Carlos Remigio Cardoen Cornejo (born 1 May 1942, Santa Cruz, Chile) is a Chilean arms dealer, metallurgical engineer, weapons scientist and agricultural businessman.

Cardoen rose to prominence amidst the United States arms embargo against Chile, when he became in the 1980s "Pinochet's favourite arms manufacturer".

When Saddam Hussein fell out of favor with the United States in connection with the 1990 invasion of Kuwait Cardoen, who had weapon dealings with Iraq, was accused by the US of zirconium trafficking. Since then he has been on the Interpol wanted list. On various occasions Cardoen has received support from National Congress and the Minister of Foreign Affairs to end the Interpol arrest warrant.

Weapons industry

As a weapons expert he ran FAMAE in the late 1980s. He allegedly illegally sold zirconium supplemented armaments to Iraq under the Saddam Regime, exported from the United States, for which he has an international arrest warrant. Yet, Cardoen claims the United States was aware and implicitly consented this trade until Saddam Hussein fell out of favour.

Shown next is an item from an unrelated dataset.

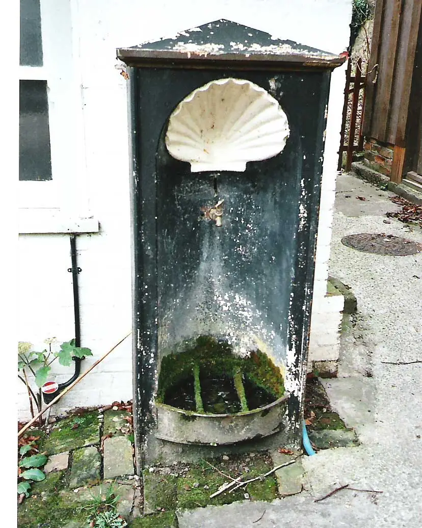 The Glyn Estate instituted catchment water from springs above the village to the north-east, which led into a covered brick and cement reservoir (Lot 67, ‘Piney Wells’) from which 5 communal taps were fed by gravity situated in North St., Lurmer St., Church St. and West St. The Lurmer St. tap is still there but non-functional, and a complete example can be viewed at Springhead (see illustration). The late Ann Locke can remember, when a child at this time, people collecting all their water supplies in buckets, often several times a day, in all weathers and that frost problems occurred in severe winters. The thatched pump outside Pump Cottage is a relatively recent replacement. This piped supply also delivered water direct to at least six favoured properties on the Glyn Estate, but to outside taps only. Thirty-six (46%) of the sale descriptions made no mention of water supply – as there probably wasn’t any. Three properties obtained water from streams. Besides the three overshot water wheels in the mills, there was another one supplying water power by means of linked shafts across Church St to the dairy at Moore’s Farm. This was also an overshot wheel 18 ft in diameter, served from the ‘Parish Pond’ (as described in the catalogue) next to Watermill Cottage. This wheel also drove the saw bench machinery in the adjoining lot (47a) bought for £30 (£780).

During the height of the Beagle crisis in 1978 Cardoen was contacted by Chilean Air Force commander Fernando Matthei and designed on his request a light bomb, that could be dropped from any airforce plane, in only 15 days. When asking Matthei what did he want the bomb for, he reportedly answered: ''"para joder"' (to joke around)'.

In the mid-1980 Cardoen bought the Italian swimmer delivery vehicle and minisub manufacturer Cos.Mo.S. His attempts to sell the firm under the table to Iraq ended in scandal and the closure of the company. A warrant was issued for his arrest, but he was never brought to justice.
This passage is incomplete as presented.